On Nov 24, 2009, at 3:43 PM, Kristján Valur Jónsson wrote:

> Yes, what you describe sounds like a fair normal scenario and is precisely what the cstack's "serial" member is supposed to make work.
> 
> Now, in the first "main", that main tasklet returns.  You then enter a second "main" and when this is returning, it does an incorrect slp_transfer_return, somehow.
> 
> It is this last bit that is hard to understand, because it is difficult to see how it can be wrong.  The code is simple:
> 
> 	PyTaskletObject *task = ts->st.current;
> 	int ismain = task == ts->st.main;
> 
> ...
> 
> if (ismain) {
> 		if (ts->st.serial_last_jump != ts->st.serial) {
> 			slp_transfer_return(task->cstate);
> 
> So, the slp_transfer_return is only triggered if indeed it is _the_ main tasklet (the last "main" tasklet) that is returning.  And an slp_transfer_return() should be safe, because it will switch to the place where this tasklet created its initial stub, even if we are already on the correct stack.  If you follow the code through the debugger right past the actual stack switch, you should find yourself in make_initial_stub.
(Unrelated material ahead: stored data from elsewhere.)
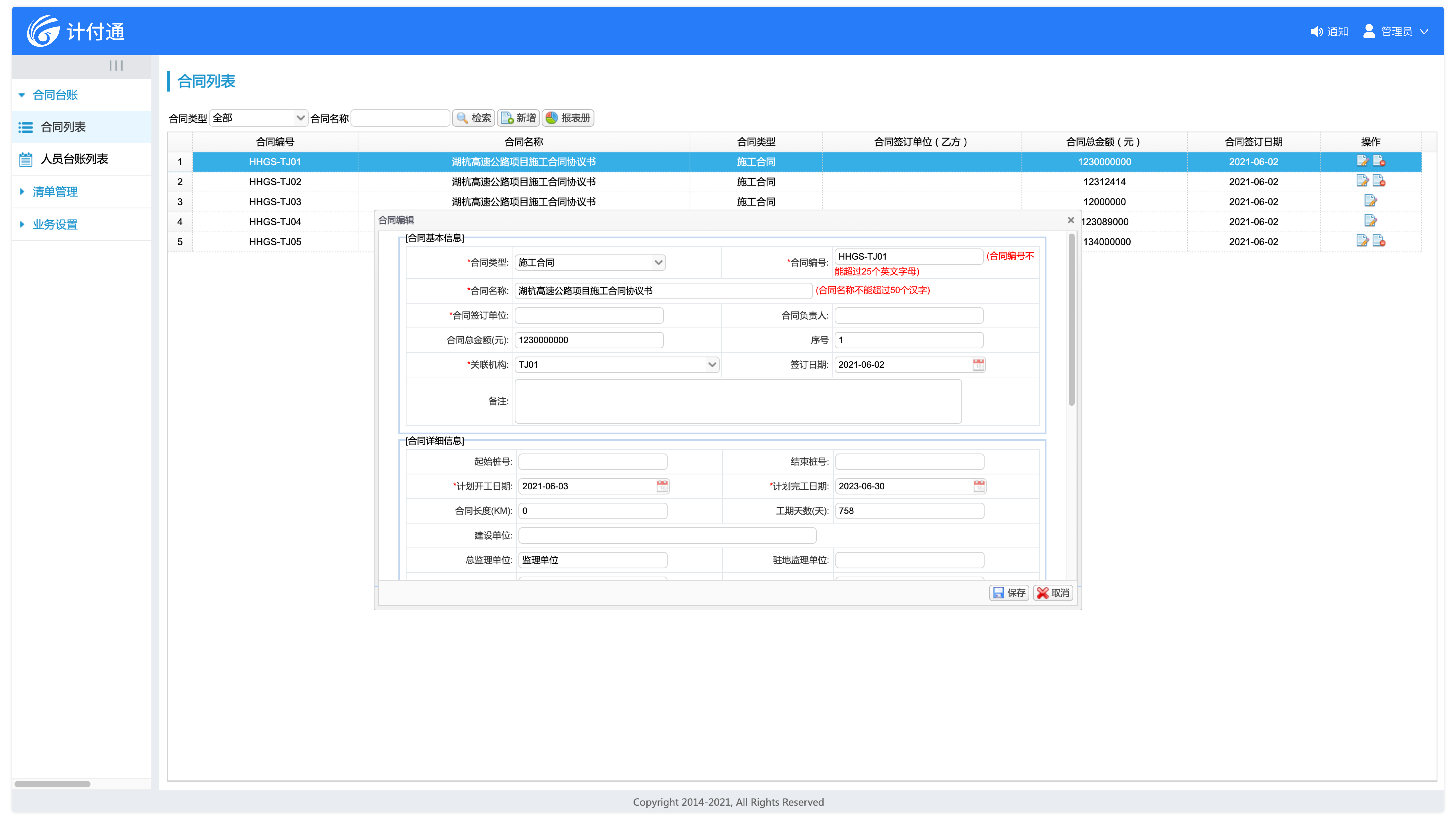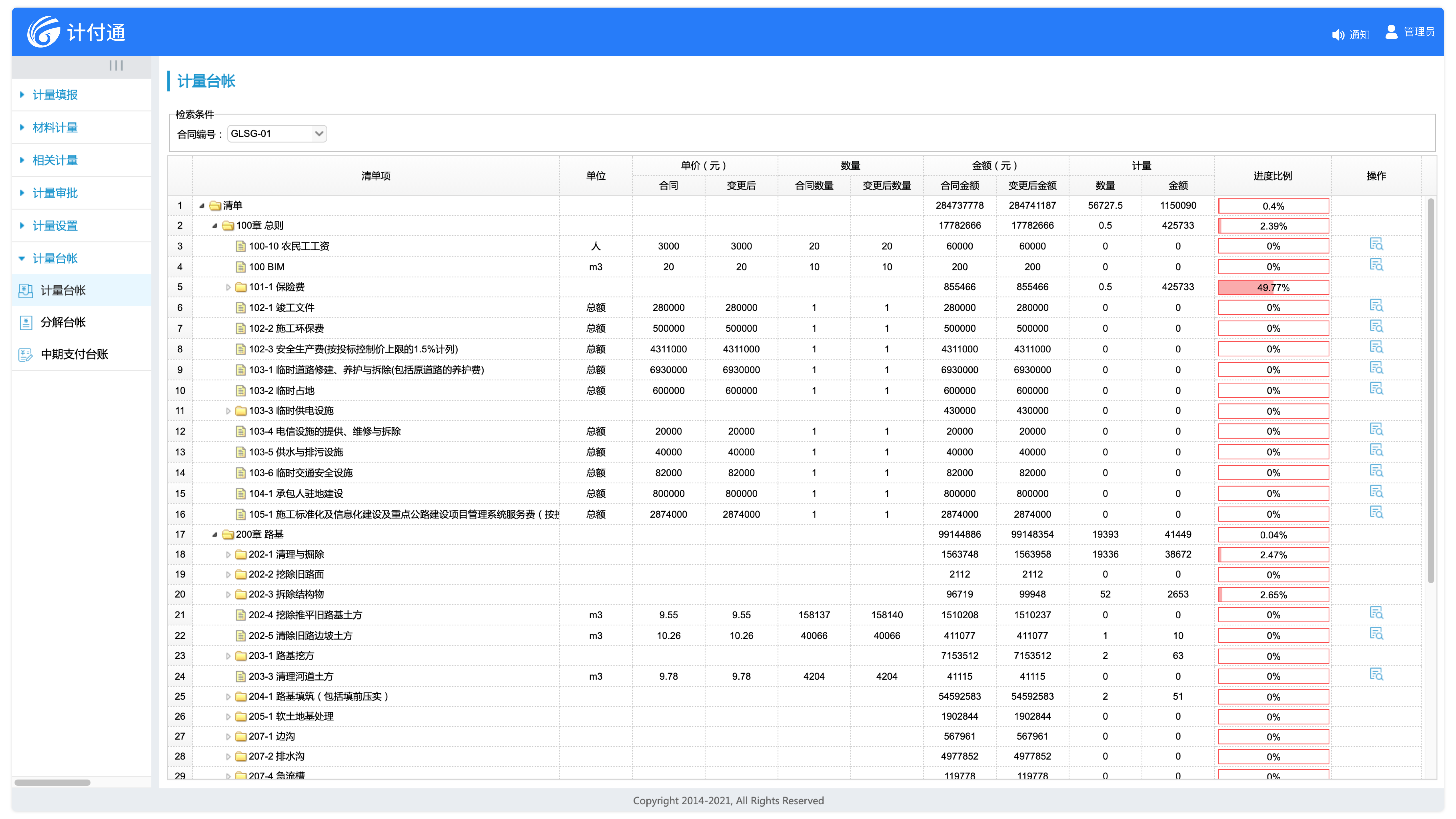 合同管理基本信息詳盡,約束條款中內(nèi)置各類計(jì)量依據(jù),是整個計(jì)量支付業(yè)務(wù)的源頭。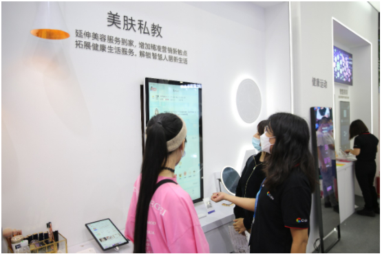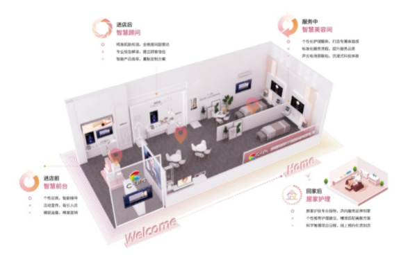 一方面,在美容院,打造智慧前台、智慧顾问、智慧美容间核心服务场景,通过智能化接待、专业化精准测肤、个性化护理服务、沉浸式声光电体验等服务,实现服务流程标准化、服务场景定制化、服务轨迹可视化,从而帮助美容院实现门店快速复制、服务精准化的需求。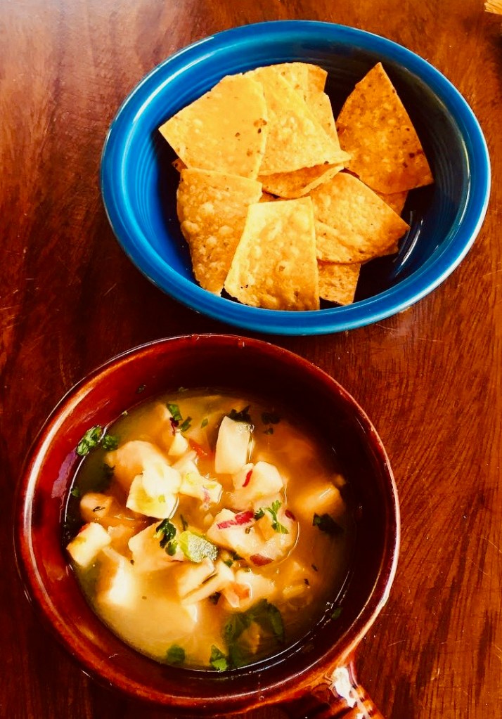 This was my very favorite Costa Rican special. Ceviche, a concoction of raw fish cured in citrus juices, is originally a Peruvian dish, but now found else where. Other ingredients, such was chili peppers, chopped onions, chopped tomatoes and cilantro, can be added at the whim of the chef. As the fish marinates, it “cooks.” I tasted many varieties, including one with shrimp instead of fish. Marinate from 30 minutes to 2 hours depending on how cooked you like your fish. 45 minutes is recommended. Following is step-daughter Kellie’s Costa Rican version. You can experiment, add other ingredients, or omit some. Kellie does not add garlic nor tomatoes. I include both. In Costa Rica, ceviche is usually served with tortilla chips.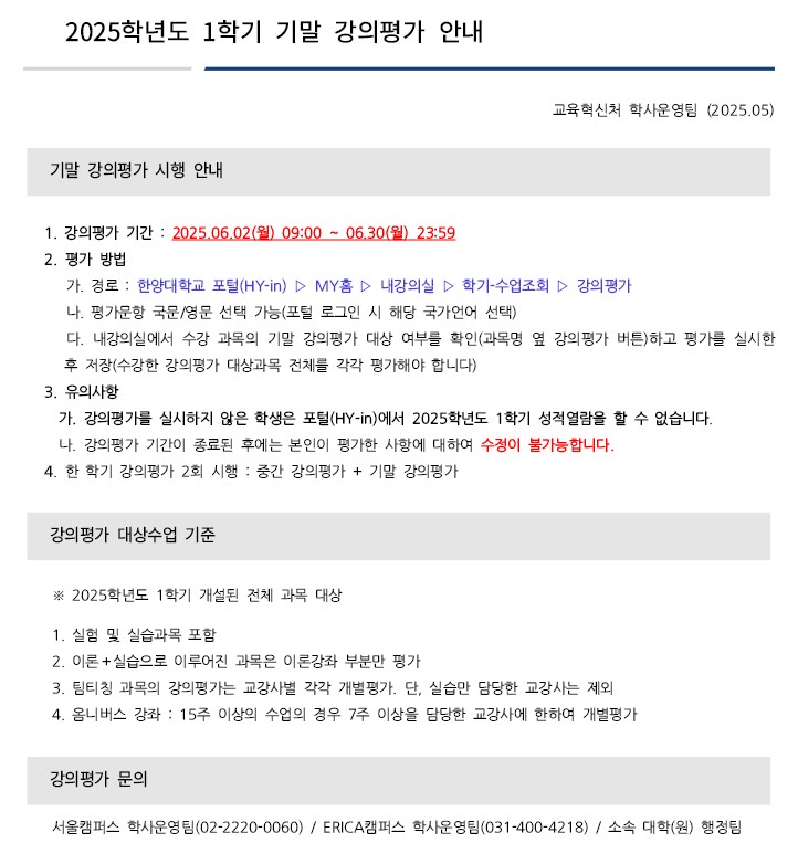 ★★★2025학년도 1학기 기말 강의평가 실시 안내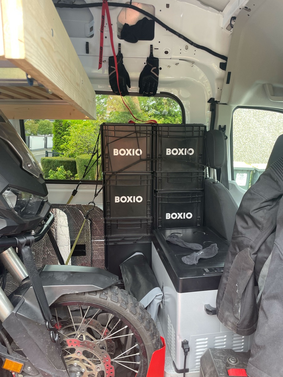 Das Thema Ladung wird erst in den nächsten Ausbaustufen verbessert. Es wird ein Schranksystem und Zurrschienen im Fahrzeugboden geben. Man sieht hier deutlich, wie die diagonale Abspannung jeglichen Stauraum vernichtet. Das muss anders werden.

No... I find myself several levels down in slp_schedule_task inside PyStackless_RunWatchdogEx...
so the slp_transfer_return is bad, since at this point ts->frame has been cleared (==0) and there
are no frames to pop to get back up (this is the cause of the crash).  However why am I there?  
I don't know... coincidentally it is the place of the previous transfer into (and out of) the main tasklet...

> 
> Are you working on windows?

No. OS-X at the moment... but I have to get it to work "everywhere"...

I have a small failing test, see below...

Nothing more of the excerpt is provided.